## THE DATA
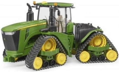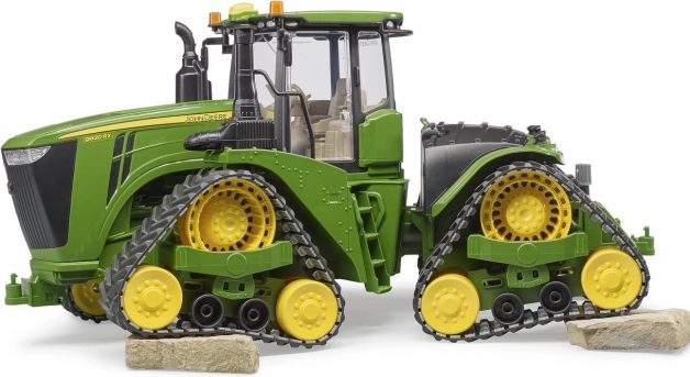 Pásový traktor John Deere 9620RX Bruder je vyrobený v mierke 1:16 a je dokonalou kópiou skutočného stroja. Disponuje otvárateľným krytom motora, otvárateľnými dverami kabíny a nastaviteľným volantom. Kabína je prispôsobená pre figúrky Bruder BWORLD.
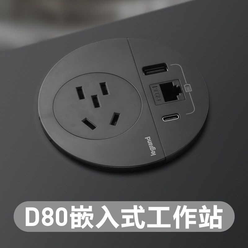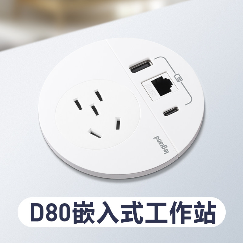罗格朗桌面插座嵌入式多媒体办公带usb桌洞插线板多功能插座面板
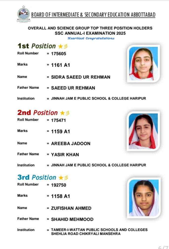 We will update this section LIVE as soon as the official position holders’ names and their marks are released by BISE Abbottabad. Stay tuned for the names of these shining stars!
---
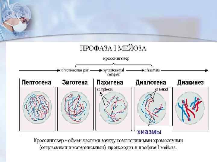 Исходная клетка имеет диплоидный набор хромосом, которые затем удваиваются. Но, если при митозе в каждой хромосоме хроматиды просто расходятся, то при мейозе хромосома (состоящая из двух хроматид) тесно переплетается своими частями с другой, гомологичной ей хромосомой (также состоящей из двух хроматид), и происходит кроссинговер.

## TASK OBJECTIVE
Each line above starting at the one holding "Pásový traktor John" and ending at the one holding "We will update" should be set down exactly as it stands, both ends included, with no pictures.

## TASK SOLUTION
 Pásový traktor John Deere 9620RX Bruder je vyrobený v mierke 1:16 a je dokonalou kópiou skutočného stroja. Disponuje otvárateľným krytom motora, otvárateľnými dverami kabíny a nastaviteľným volantom. Kabína je prispôsobená pre figúrky Bruder BWORLD.
罗格朗桌面插座嵌入式多媒体办公带usb桌洞插线板多功能插座面板
 We will update this section LIVE as soon as the official position holders’ names and their marks are released by BISE Abbottabad. Stay tuned for the names of these shining stars!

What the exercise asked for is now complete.